▶ [Supplied material]:

::::::

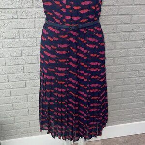 Halogen Women Pleated Multi Color Lips Motif Dress Size 0
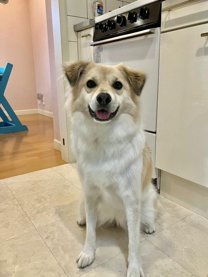 アリソンとは、我が家の家族、2歳のわんちゃんです。犬種は雑種で、何がミックスされているのかわからないですが、白とベージュと黒のふわふわなとってもかわいい女の子です。
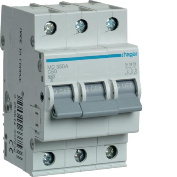 Автоматический выключатель HAGER 3Р 50 А тип С (MC350A)

::::::

▶ [Task details]: Give the listing again word for word, without its images.

▶ [Response for this exercise]:
 Halogen Women Pleated Multi Color Lips Motif Dress Size 0
 アリソンとは、我が家の家族、2歳のわんちゃんです。犬種は雑種で、何がミックスされているのかわからないですが、白とベージュと黒のふわふわなとってもかわいい女の子です。
 Автоматический выключатель HAGER 3Р 50 А тип С (MC350A)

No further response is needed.